Vos me disteis, ¡oh Dios!,
la inteligencia necesaria
para distinguir el bien del mal;
así, pues, desde el momento en que reconozco
que una cosa es mala, soy culpable,
porque no me esfuerzo en rechazarla.
Preservadme del orgullo,
que podría impedirme ver mis defectos
y de los malos Espíritus que podrían
excitarme a perseverar en ellos.
Entre mis imperfecciones,
reconozco que particularmente estoy inclinado
a ..... (decir el vicio que quieres dejar)
y si no resisto a esta tentación
es por la costumbre que tengo de ceder a ella.

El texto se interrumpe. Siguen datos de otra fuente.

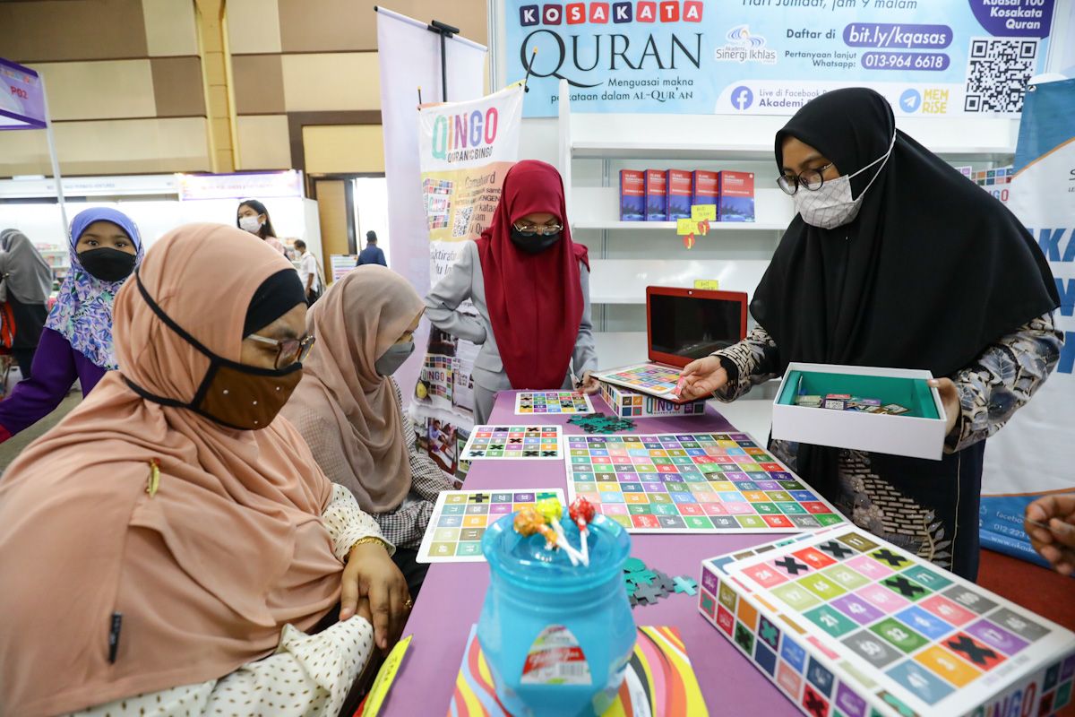 Pempamer, Khoirun Nisya Ruslan, 23, (kanan) menerangkan permainan Qingo kepada pengunjung di gerai pameran Akademi Sinergi Iklas ketika Pesta Buku Selangor di Pusat Konvensyen Shah Alam pada 11 Disember 2021.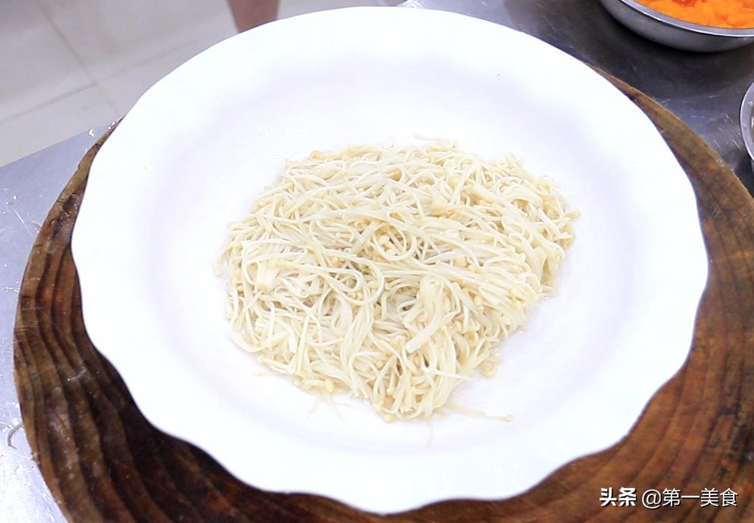 锅内烧水,水烧开以后把金针菇倒入锅中煮1分钟,金针菇煮软以后倒出来,沥干水分放入盘中垫底。
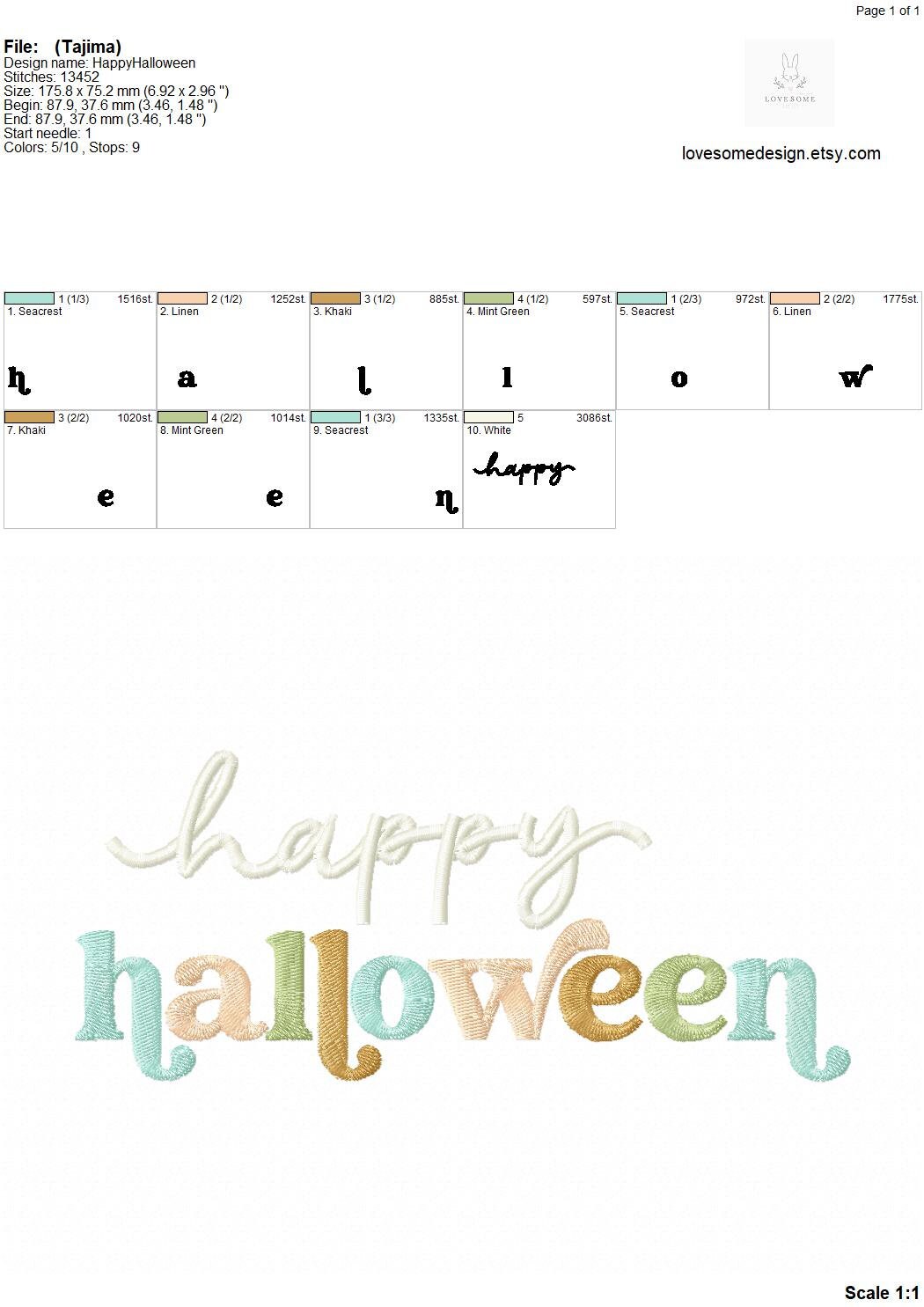 Happy Halloween 5x7 Machine Embroidery Design, Retro Style Funky Autumn Colorful Fall Tshirt Embroidery File | Lovesome Design

Vos no me habéis creado culpable,
porque sois justo, sino con una aptitud
igual tanto para el bien
como para el mal.
Si sigo el mal camino,
es por efecto de mi libre albedrío.
Pero, por la misma razón
que tengo la libertad de hacer el mal,
tengo también la de hacer el bien;
por consiguiente, tengo que cambiar de camino.
Mis defectos actuales son un resto
de las imperfecciones que conservé
de mis precedentes existencias;
es mi pecado original,
del cual me puedo despojar por mi voluntad
y con la asistencia de los buenos Espíritus.
Buenos Espíritus que me protegéis,
y sobre todo vos, mi ángel guardián,
dadme fuerzas para resistir
a las malas sugestiones y salir victorioso de la lucha.
Los defectos son barreras
que nos separan de Dios
y cada defecto superado será un paso dado
en la senda del progreso, que debe acercarme a Él.
El Señor, en su infinita misericordia
tuvo a bien concederme la existencia actual,
para que sirva a mi adelantamiento;
buenos Espíritus, ayudadme a aprovecharla,
con el fin de que no sea una existencia perdida para mí
y para que cuando Dios quiera retirármela,
salga mejor que cuando entré a ella.